• _Work to be completed_
The data below contains pictures, which are to be skipped; the lines starting at the line with "Modal New Pure" and ending at the line with "ただ全部揃えるとコスパが……って感じかな🤔 チェックリストは4枚目と5枚目にあるよ💖 自分でチェックしてみてね!" are to be output exactly, both ends included.

----- Entries provided

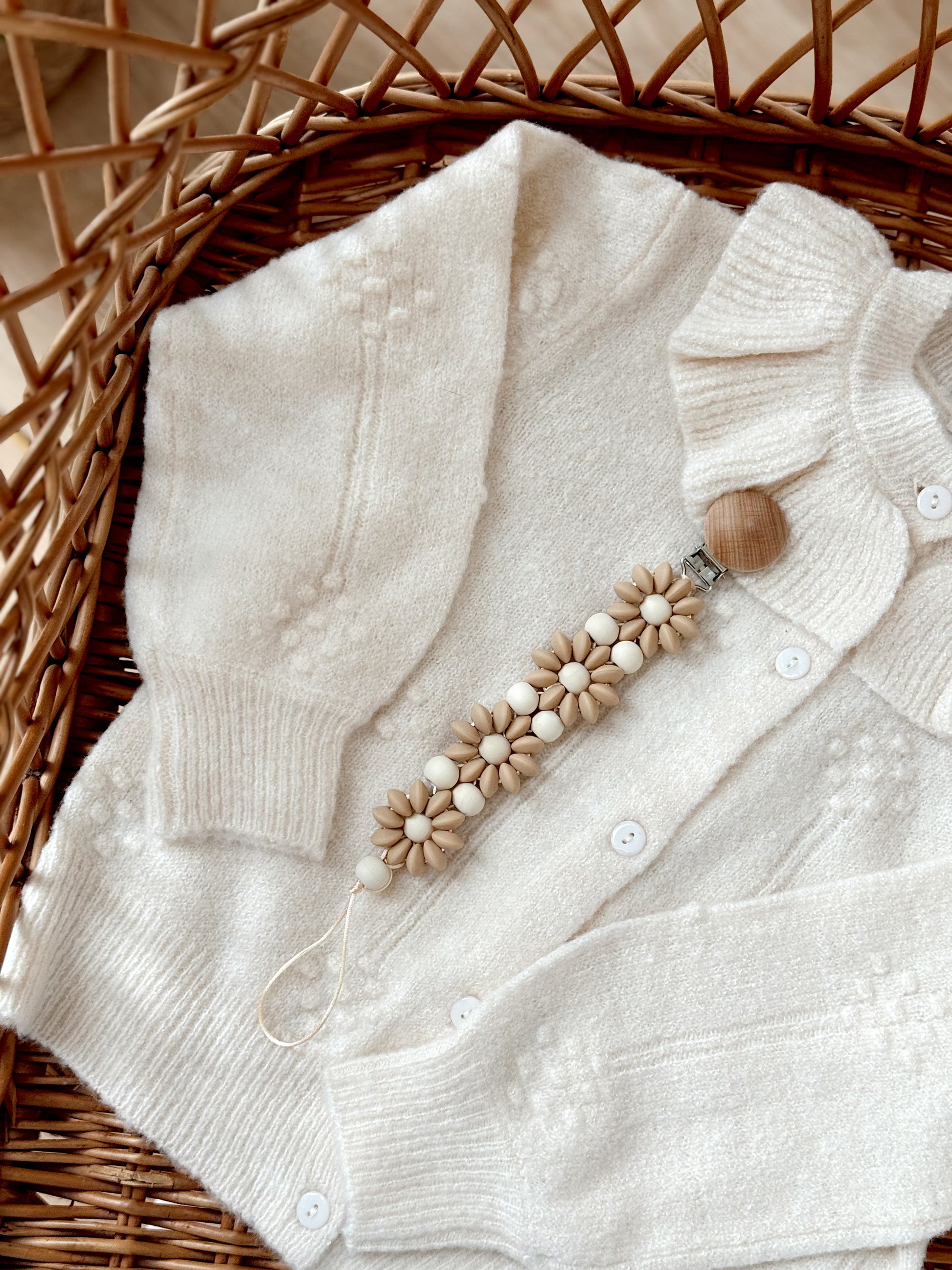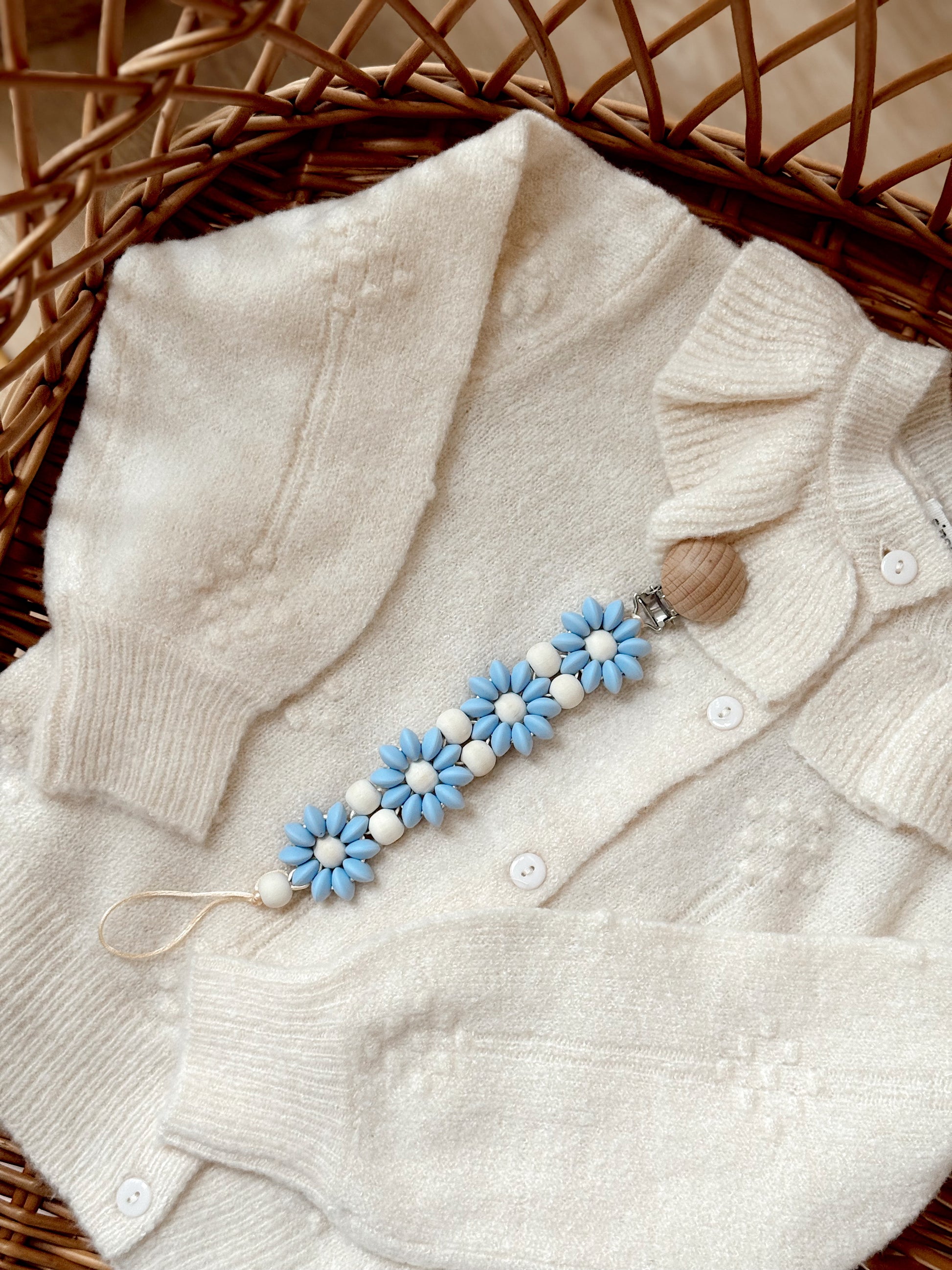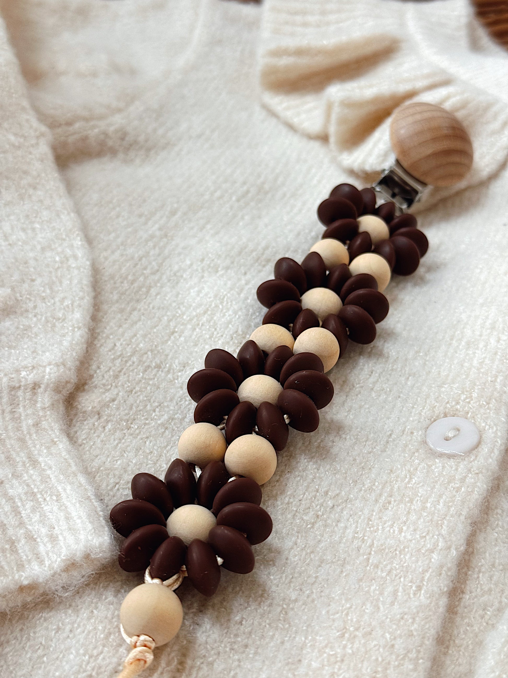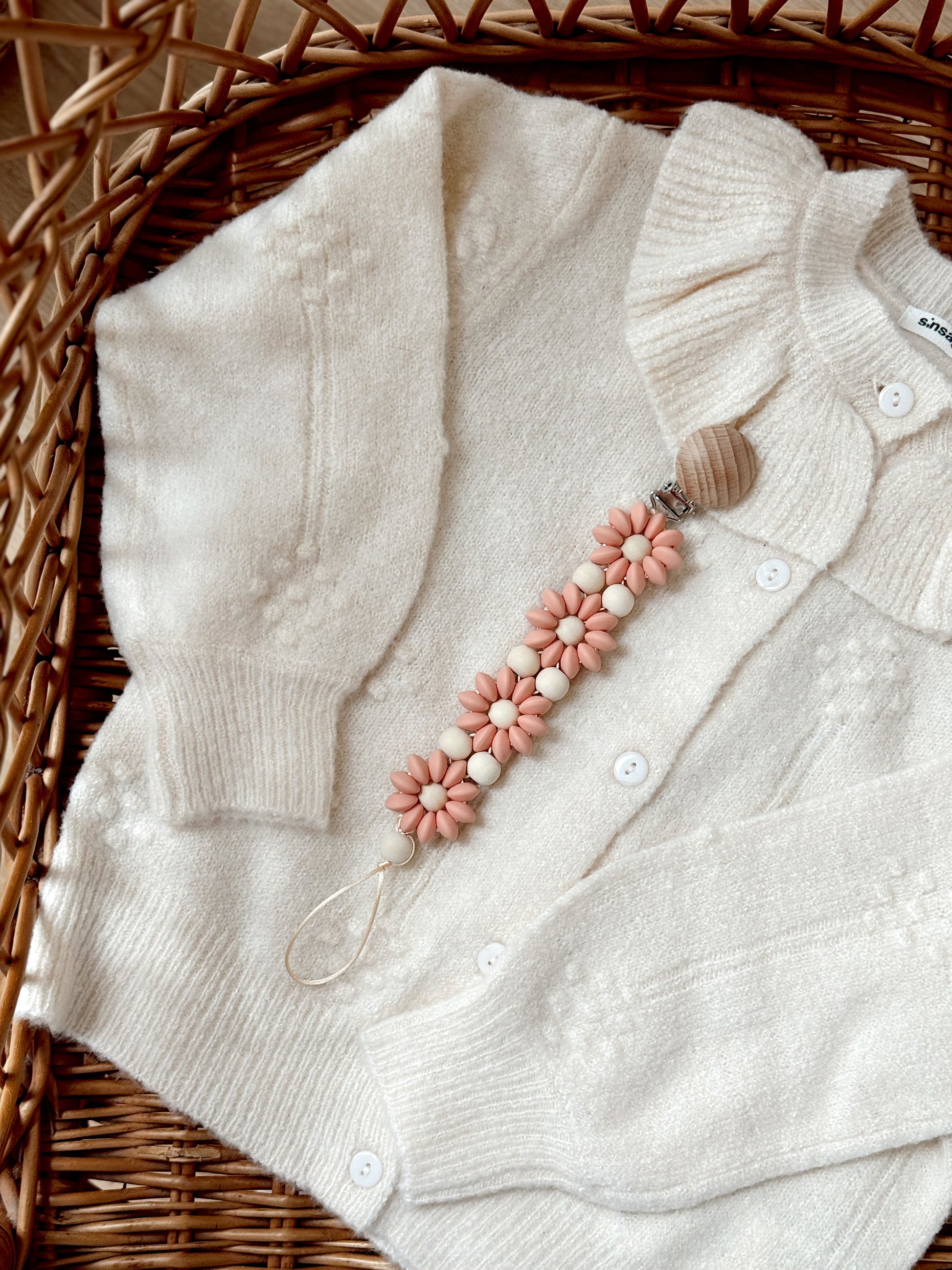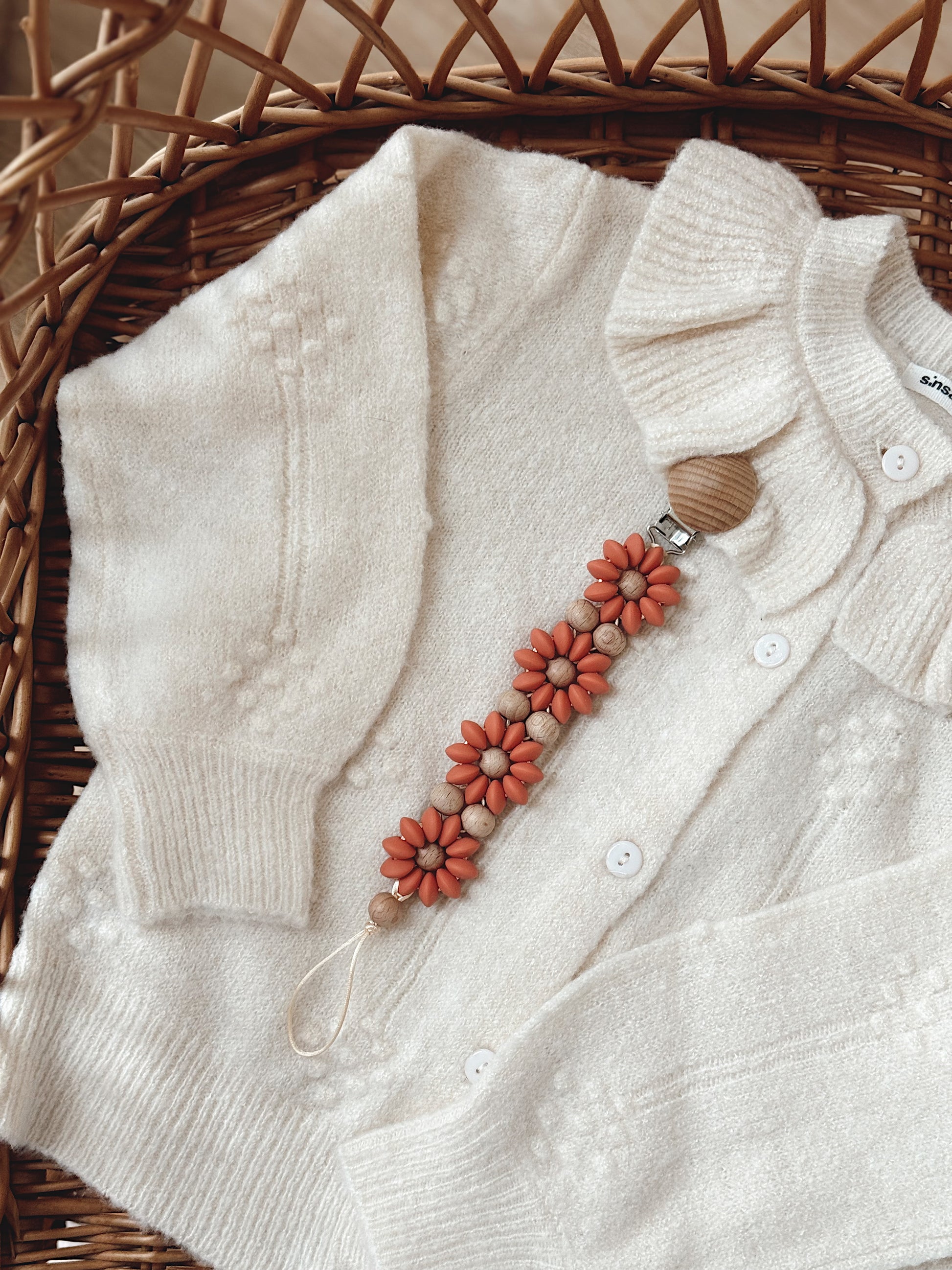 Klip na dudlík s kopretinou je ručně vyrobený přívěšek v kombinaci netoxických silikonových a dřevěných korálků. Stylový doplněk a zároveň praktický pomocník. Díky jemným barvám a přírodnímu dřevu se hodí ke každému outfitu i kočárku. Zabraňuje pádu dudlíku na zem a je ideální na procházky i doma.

----------
----- Entries provided

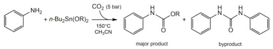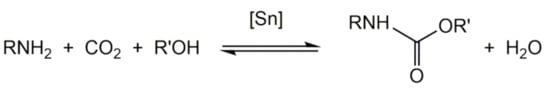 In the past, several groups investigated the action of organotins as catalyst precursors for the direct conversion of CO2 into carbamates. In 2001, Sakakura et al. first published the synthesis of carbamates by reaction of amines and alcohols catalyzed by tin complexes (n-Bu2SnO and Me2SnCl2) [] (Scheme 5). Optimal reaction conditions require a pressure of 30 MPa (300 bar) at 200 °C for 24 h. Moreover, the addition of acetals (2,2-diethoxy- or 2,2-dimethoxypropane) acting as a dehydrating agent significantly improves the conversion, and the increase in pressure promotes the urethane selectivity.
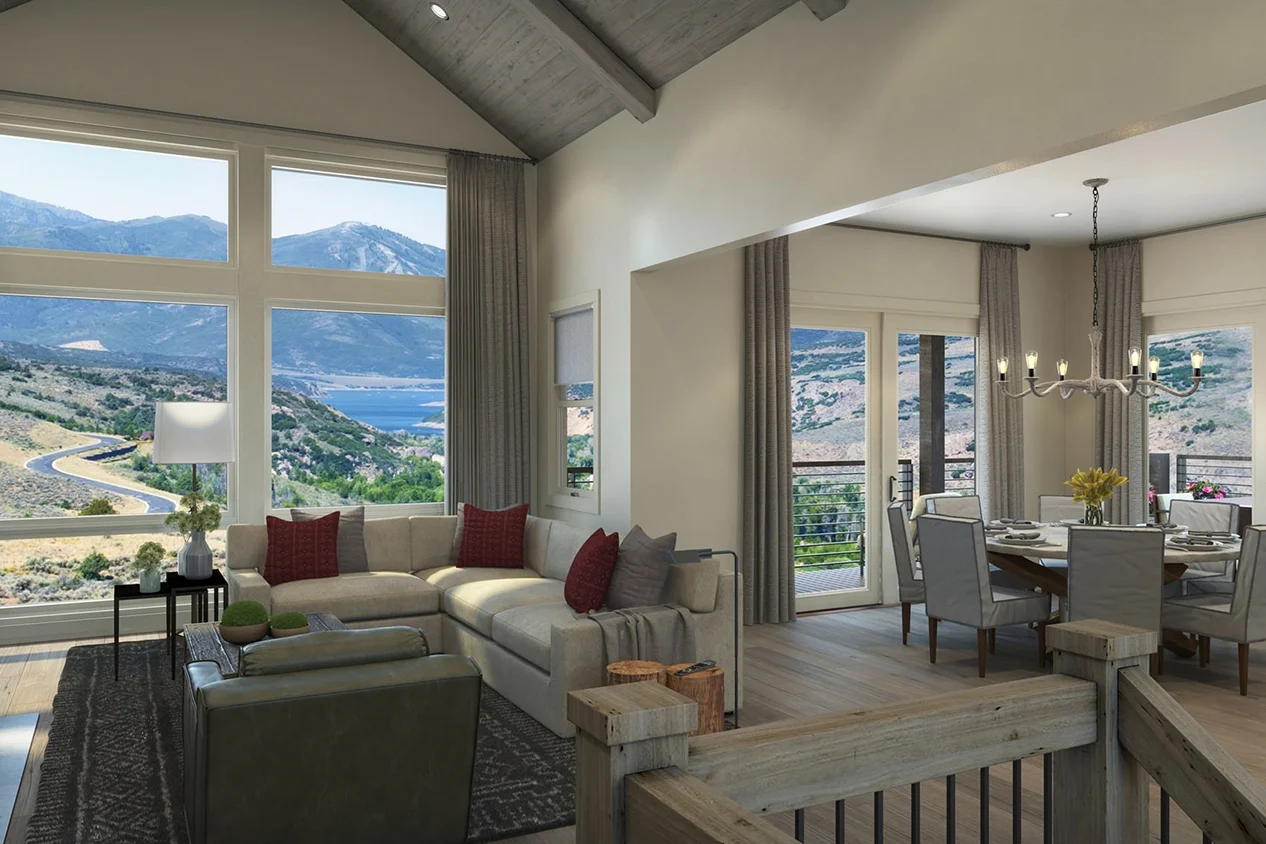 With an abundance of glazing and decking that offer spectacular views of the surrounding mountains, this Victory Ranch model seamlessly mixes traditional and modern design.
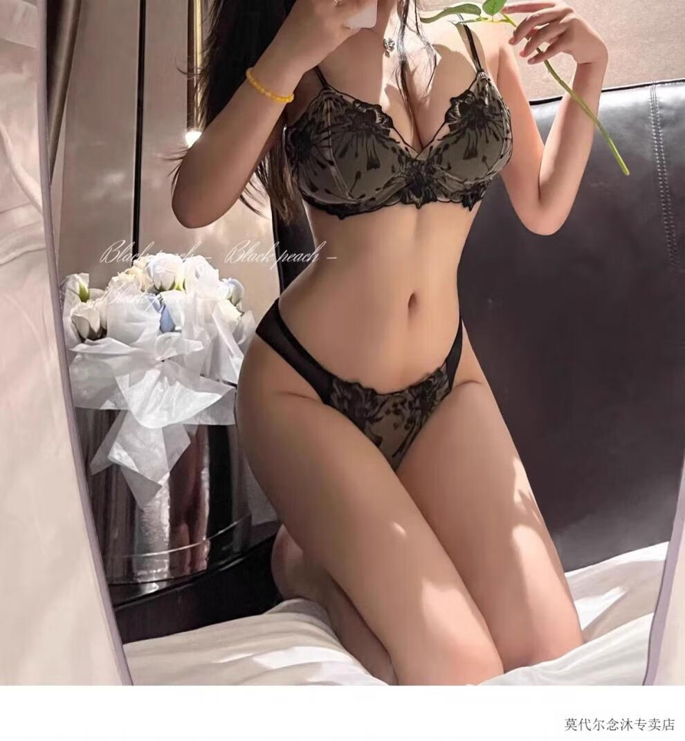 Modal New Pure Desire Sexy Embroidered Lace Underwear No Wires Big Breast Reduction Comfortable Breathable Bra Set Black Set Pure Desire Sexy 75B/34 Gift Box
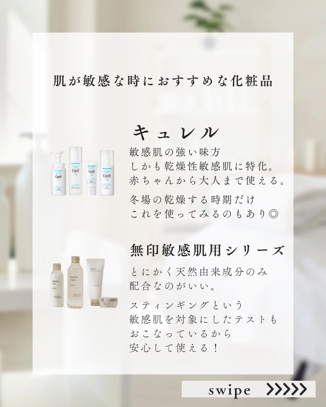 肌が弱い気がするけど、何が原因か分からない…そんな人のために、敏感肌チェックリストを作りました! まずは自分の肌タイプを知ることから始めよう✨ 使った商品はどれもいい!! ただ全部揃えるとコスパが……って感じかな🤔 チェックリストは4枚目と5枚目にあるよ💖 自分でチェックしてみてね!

----------

• _Your response_
 Modal New Pure Desire Sexy Embroidered Lace Underwear No Wires Big Breast Reduction Comfortable Breathable Bra Set Black Set Pure Desire Sexy 75B/34 Gift Box
 肌が弱い気がするけど、何が原因か分からない…そんな人のために、敏感肌チェックリストを作りました! まずは自分の肌タイプを知ることから始めよう✨ 使った商品はどれもいい!! ただ全部揃えるとコスパが……って感じかな🤔 チェックリストは4枚目と5枚目にあるよ💖 自分でチェックしてみてね!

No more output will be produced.